AIM OF THE EXERCISE: What is needed is an exact copy of every entry below, minus the images.

[Records from a data source]
++++++++++

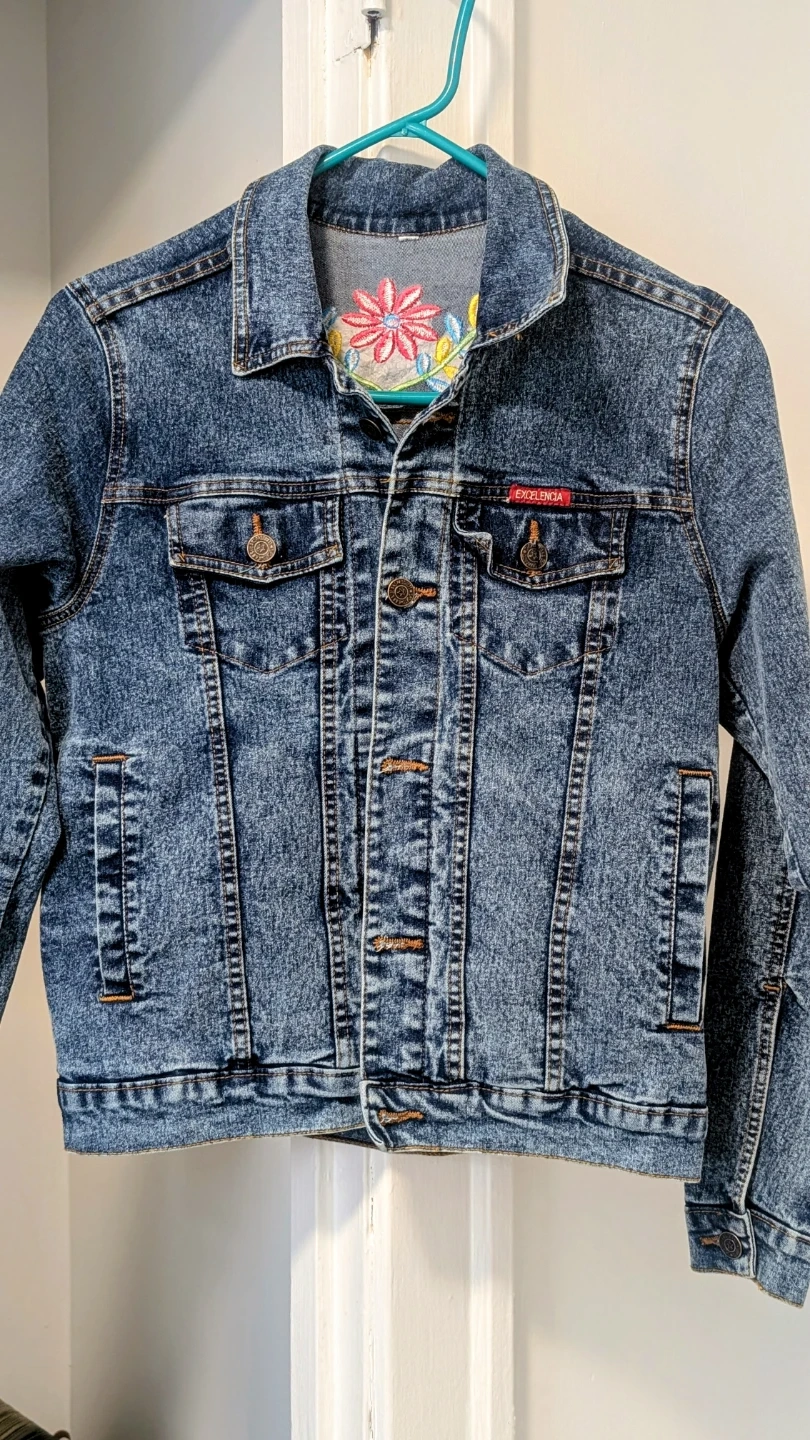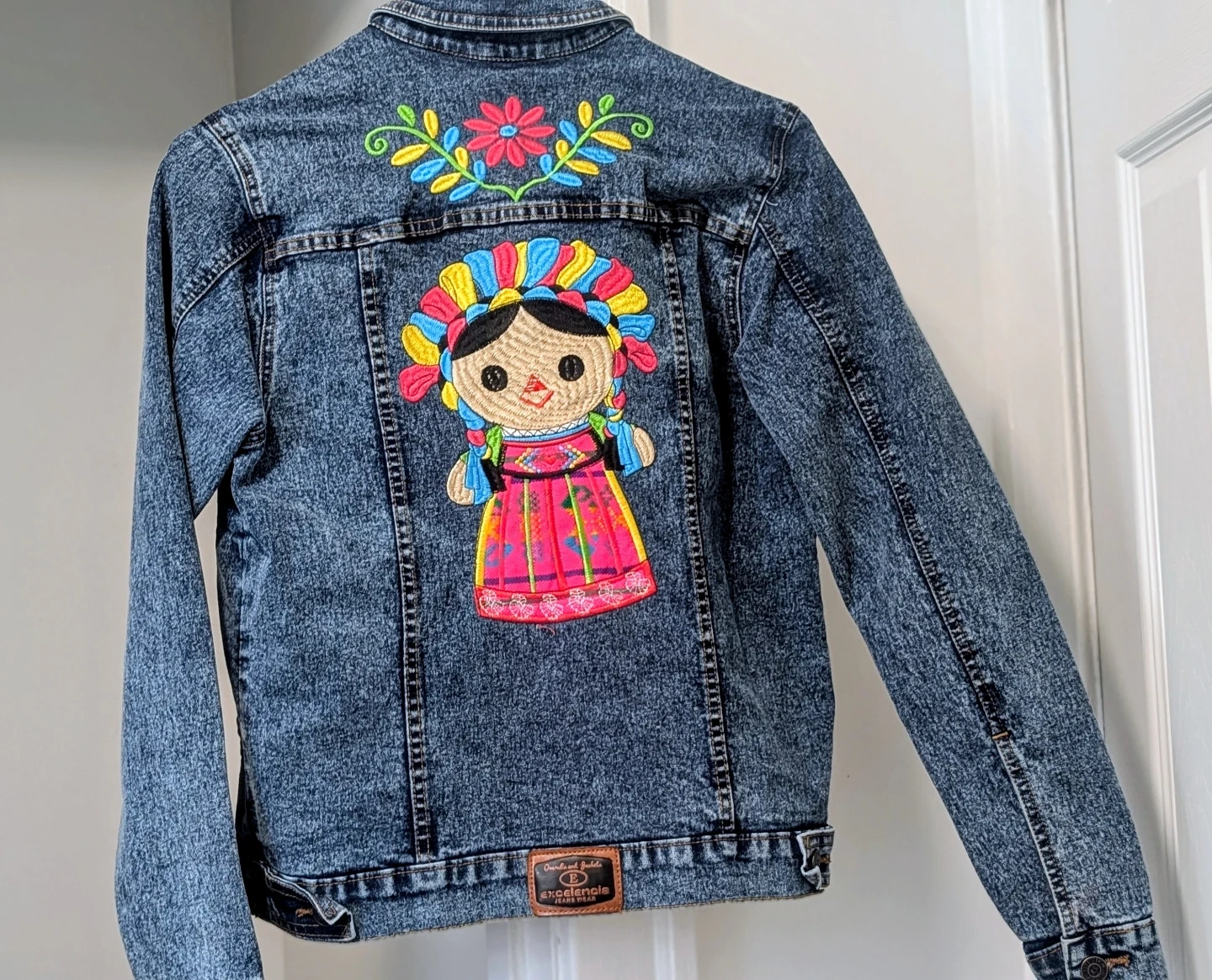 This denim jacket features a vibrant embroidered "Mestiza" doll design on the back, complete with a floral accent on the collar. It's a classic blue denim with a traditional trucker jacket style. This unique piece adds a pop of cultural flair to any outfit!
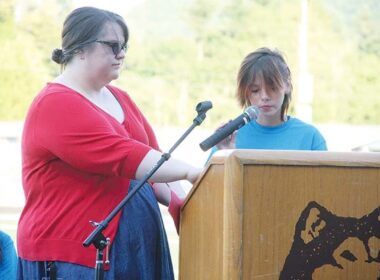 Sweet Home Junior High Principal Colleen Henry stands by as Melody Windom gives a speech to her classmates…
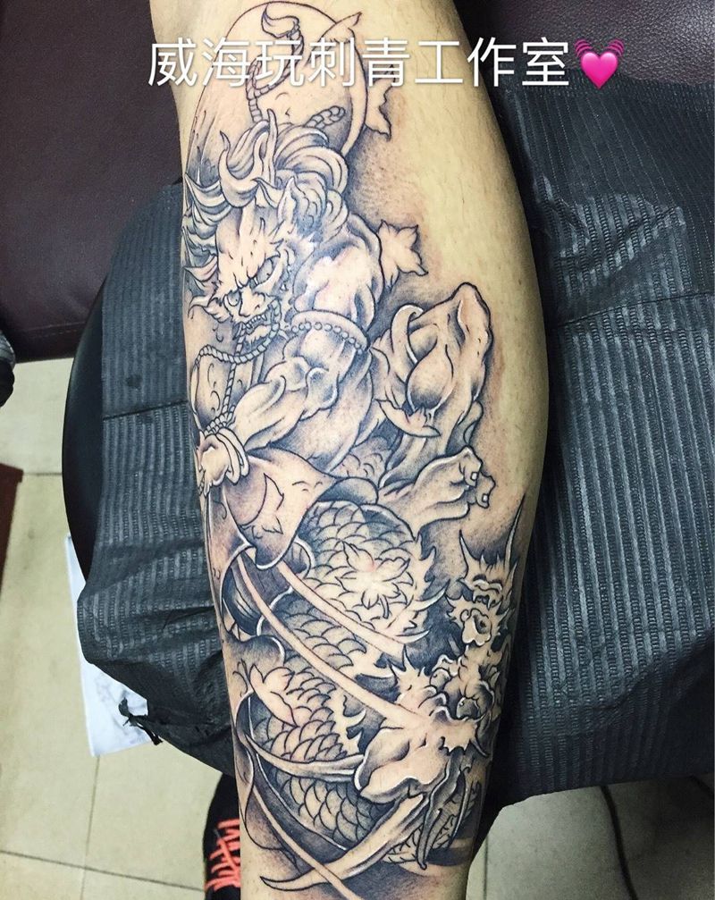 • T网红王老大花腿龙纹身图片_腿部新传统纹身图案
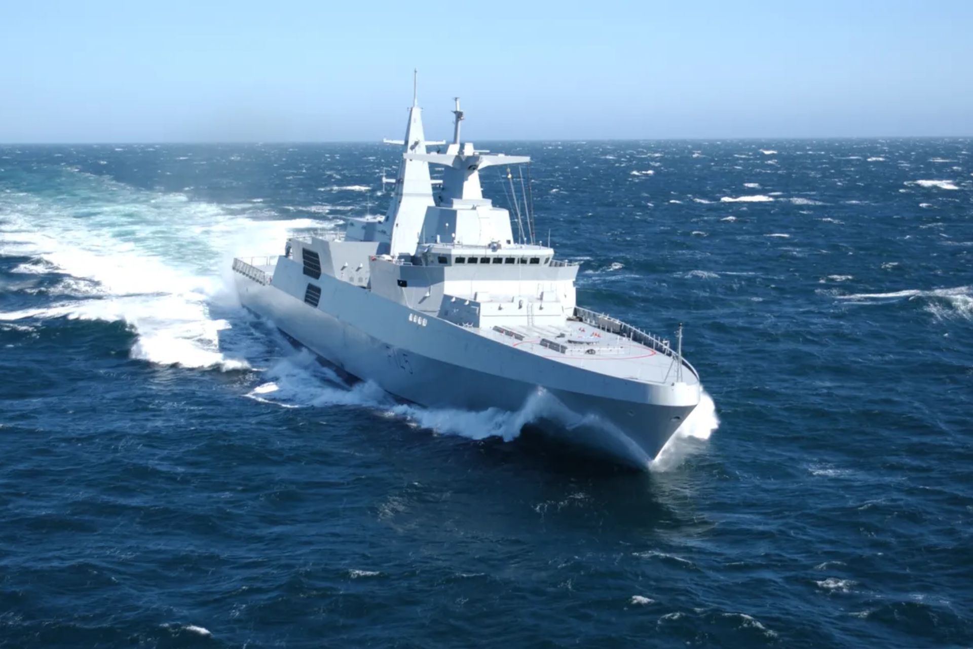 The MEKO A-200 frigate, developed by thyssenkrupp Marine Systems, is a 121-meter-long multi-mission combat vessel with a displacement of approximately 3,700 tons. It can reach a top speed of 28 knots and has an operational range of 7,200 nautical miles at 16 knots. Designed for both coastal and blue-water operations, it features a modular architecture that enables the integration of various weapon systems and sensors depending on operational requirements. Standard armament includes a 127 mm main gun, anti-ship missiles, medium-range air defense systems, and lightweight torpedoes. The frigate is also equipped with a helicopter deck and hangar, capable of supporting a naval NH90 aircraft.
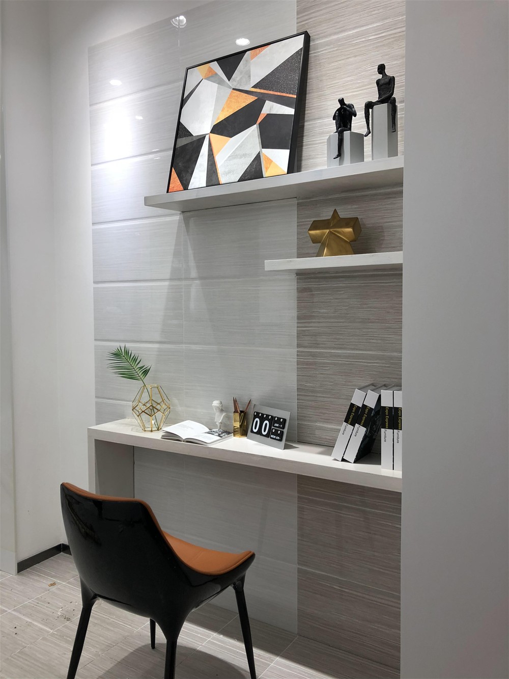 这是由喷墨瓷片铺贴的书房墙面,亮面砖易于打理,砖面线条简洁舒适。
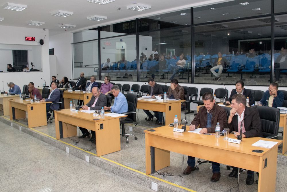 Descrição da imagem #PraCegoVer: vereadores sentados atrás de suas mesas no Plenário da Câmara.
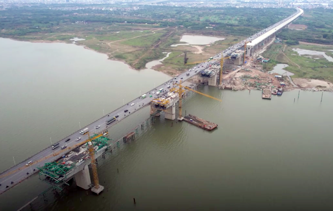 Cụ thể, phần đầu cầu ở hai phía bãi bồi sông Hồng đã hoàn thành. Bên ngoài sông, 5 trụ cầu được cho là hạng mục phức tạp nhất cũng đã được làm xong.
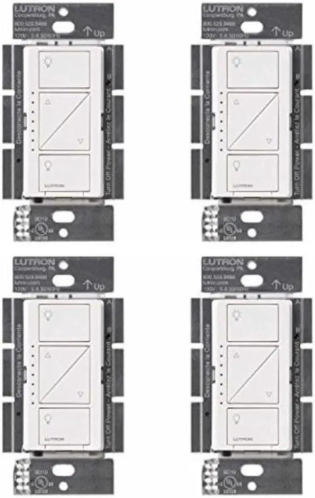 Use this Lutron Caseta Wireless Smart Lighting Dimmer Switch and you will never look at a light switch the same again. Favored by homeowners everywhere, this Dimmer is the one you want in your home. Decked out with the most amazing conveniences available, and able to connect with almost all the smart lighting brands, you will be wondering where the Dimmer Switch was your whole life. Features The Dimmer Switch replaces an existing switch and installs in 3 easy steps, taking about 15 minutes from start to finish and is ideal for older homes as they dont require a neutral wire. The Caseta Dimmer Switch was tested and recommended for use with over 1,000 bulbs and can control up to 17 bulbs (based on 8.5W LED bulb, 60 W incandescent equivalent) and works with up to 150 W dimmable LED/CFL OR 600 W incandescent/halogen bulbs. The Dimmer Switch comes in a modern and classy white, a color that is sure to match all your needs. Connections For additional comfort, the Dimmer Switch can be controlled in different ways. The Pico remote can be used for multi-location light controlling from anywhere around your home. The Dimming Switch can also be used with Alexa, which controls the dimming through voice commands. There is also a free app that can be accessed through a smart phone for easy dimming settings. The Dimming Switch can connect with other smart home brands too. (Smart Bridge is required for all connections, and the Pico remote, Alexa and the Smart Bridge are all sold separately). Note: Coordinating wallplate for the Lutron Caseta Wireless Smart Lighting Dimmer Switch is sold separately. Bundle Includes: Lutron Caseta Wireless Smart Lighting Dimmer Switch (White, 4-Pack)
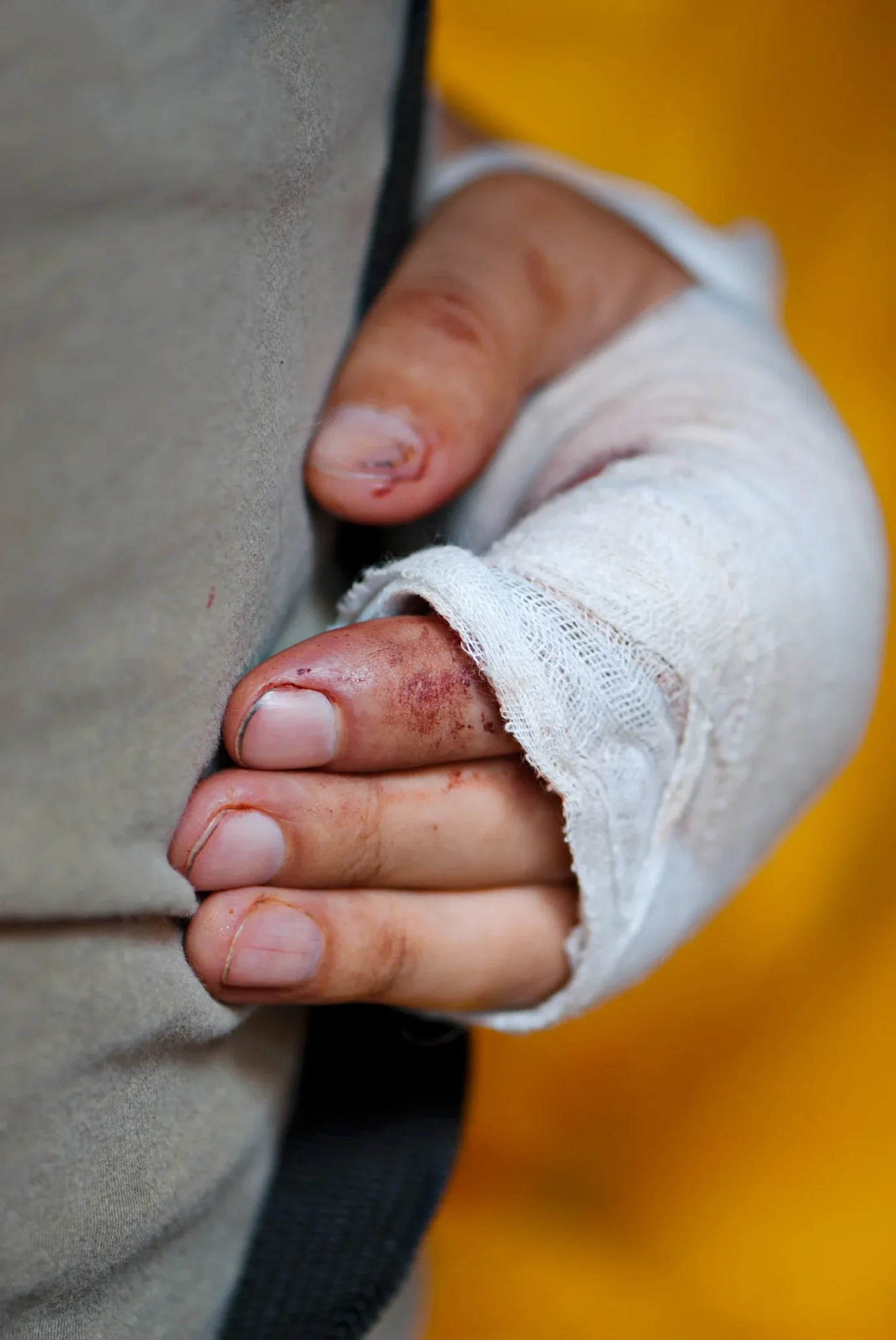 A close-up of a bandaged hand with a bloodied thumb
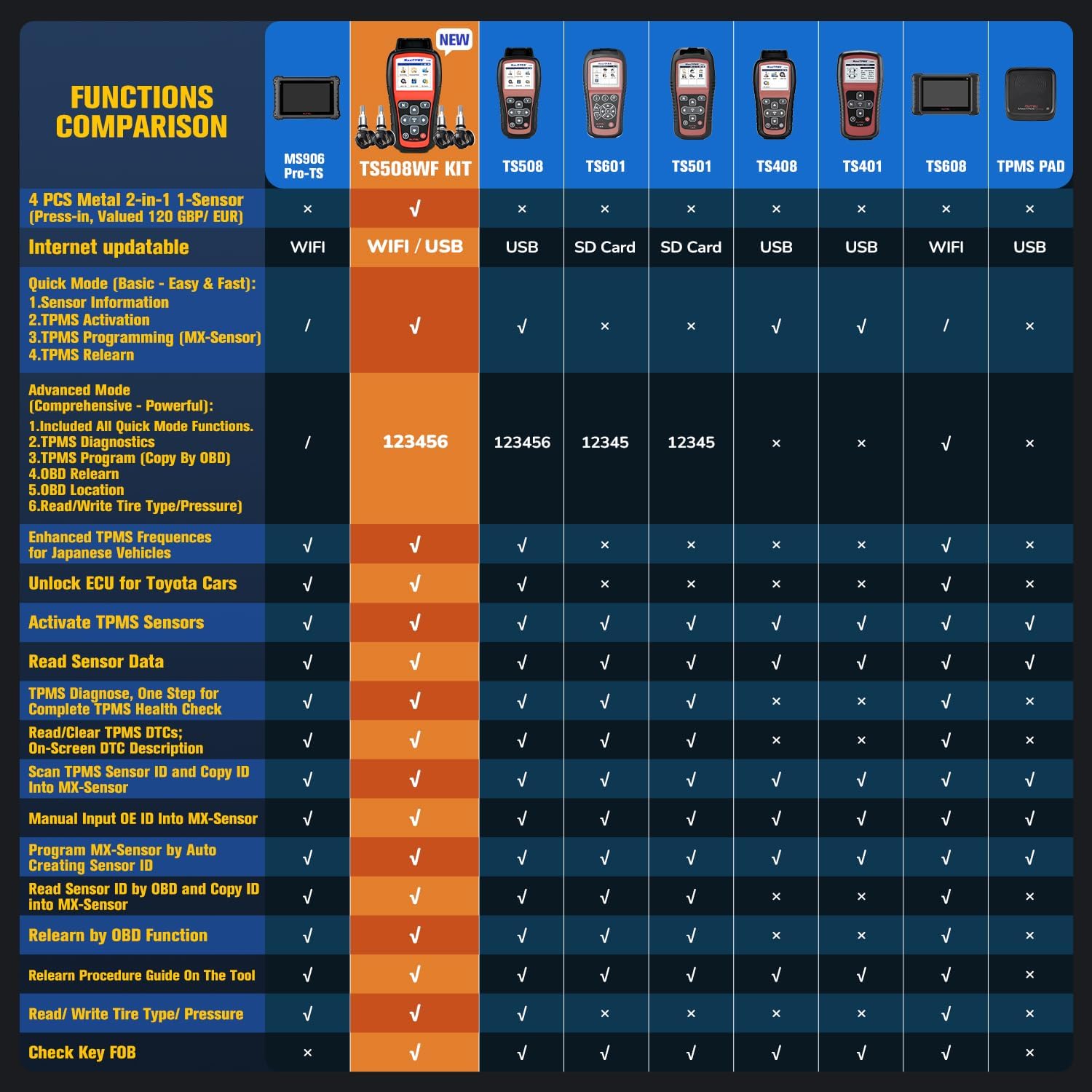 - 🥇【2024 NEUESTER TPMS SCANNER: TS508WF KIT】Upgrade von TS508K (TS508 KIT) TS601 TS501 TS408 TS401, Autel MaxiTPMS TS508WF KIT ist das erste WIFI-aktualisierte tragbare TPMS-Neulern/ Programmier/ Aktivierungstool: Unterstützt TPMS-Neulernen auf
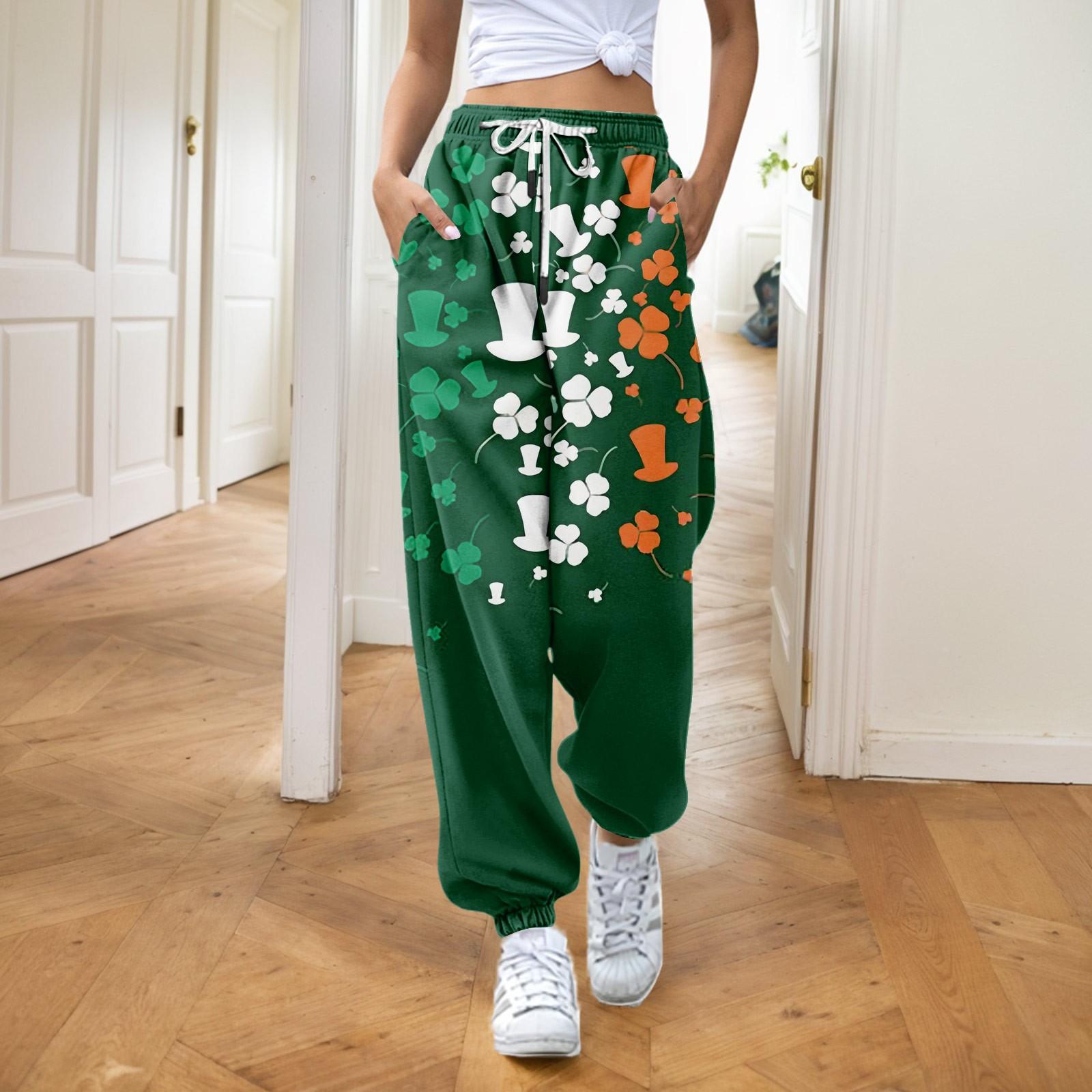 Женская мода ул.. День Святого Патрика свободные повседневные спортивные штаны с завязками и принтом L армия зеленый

++++++++++

OUTPUT FOR THIS TASK:
 This denim jacket features a vibrant embroidered "Mestiza" doll design on the back, complete with a floral accent on the collar. It's a classic blue denim with a traditional trucker jacket style. This unique piece adds a pop of cultural flair to any outfit!
 Sweet Home Junior High Principal Colleen Henry stands by as Melody Windom gives a speech to her classmates…
 • T网红王老大花腿龙纹身图片_腿部新传统纹身图案
 The MEKO A-200 frigate, developed by thyssenkrupp Marine Systems, is a 121-meter-long multi-mission combat vessel with a displacement of approximately 3,700 tons. It can reach a top speed of 28 knots and has an operational range of 7,200 nautical miles at 16 knots. Designed for both coastal and blue-water operations, it features a modular architecture that enables the integration of various weapon systems and sensors depending on operational requirements. Standard armament includes a 127 mm main gun, anti-ship missiles, medium-range air defense systems, and lightweight torpedoes. The frigate is also equipped with a helicopter deck and hangar, capable of supporting a naval NH90 aircraft.
 这是由喷墨瓷片铺贴的书房墙面,亮面砖易于打理,砖面线条简洁舒适。
 Descrição da imagem #PraCegoVer: vereadores sentados atrás de suas mesas no Plenário da Câmara.
 Cụ thể, phần đầu cầu ở hai phía bãi bồi sông Hồng đã hoàn thành. Bên ngoài sông, 5 trụ cầu được cho là hạng mục phức tạp nhất cũng đã được làm xong.
 Use this Lutron Caseta Wireless Smart Lighting Dimmer Switch and you will never look at a light switch the same again. Favored by homeowners everywhere, this Dimmer is the one you want in your home. Decked out with the most amazing conveniences available, and able to connect with almost all the smart lighting brands, you will be wondering where the Dimmer Switch was your whole life. Features The Dimmer Switch replaces an existing switch and installs in 3 easy steps, taking about 15 minutes from start to finish and is ideal for older homes as they dont require a neutral wire. The Caseta Dimmer Switch was tested and recommended for use with over 1,000 bulbs and can control up to 17 bulbs (based on 8.5W LED bulb, 60 W incandescent equivalent) and works with up to 150 W dimmable LED/CFL OR 600 W incandescent/halogen bulbs. The Dimmer Switch comes in a modern and classy white, a color that is sure to match all your needs. Connections For additional comfort, the Dimmer Switch can be controlled in different ways. The Pico remote can be used for multi-location light controlling from anywhere around your home. The Dimming Switch can also be used with Alexa, which controls the dimming through voice commands. There is also a free app that can be accessed through a smart phone for easy dimming settings. The Dimming Switch can connect with other smart home brands too. (Smart Bridge is required for all connections, and the Pico remote, Alexa and the Smart Bridge are all sold separately). Note: Coordinating wallplate for the Lutron Caseta Wireless Smart Lighting Dimmer Switch is sold separately. Bundle Includes: Lutron Caseta Wireless Smart Lighting Dimmer Switch (White, 4-Pack)
 A close-up of a bandaged hand with a bloodied thumb
 - 🥇【2024 NEUESTER TPMS SCANNER: TS508WF KIT】Upgrade von TS508K (TS508 KIT) TS601 TS501 TS408 TS401, Autel MaxiTPMS TS508WF KIT ist das erste WIFI-aktualisierte tragbare TPMS-Neulern/ Programmier/ Aktivierungstool: Unterstützt TPMS-Neulernen auf
 Женская мода ул.. День Святого Патрика свободные повседневные спортивные штаны с завязками и принтом L армия зеленый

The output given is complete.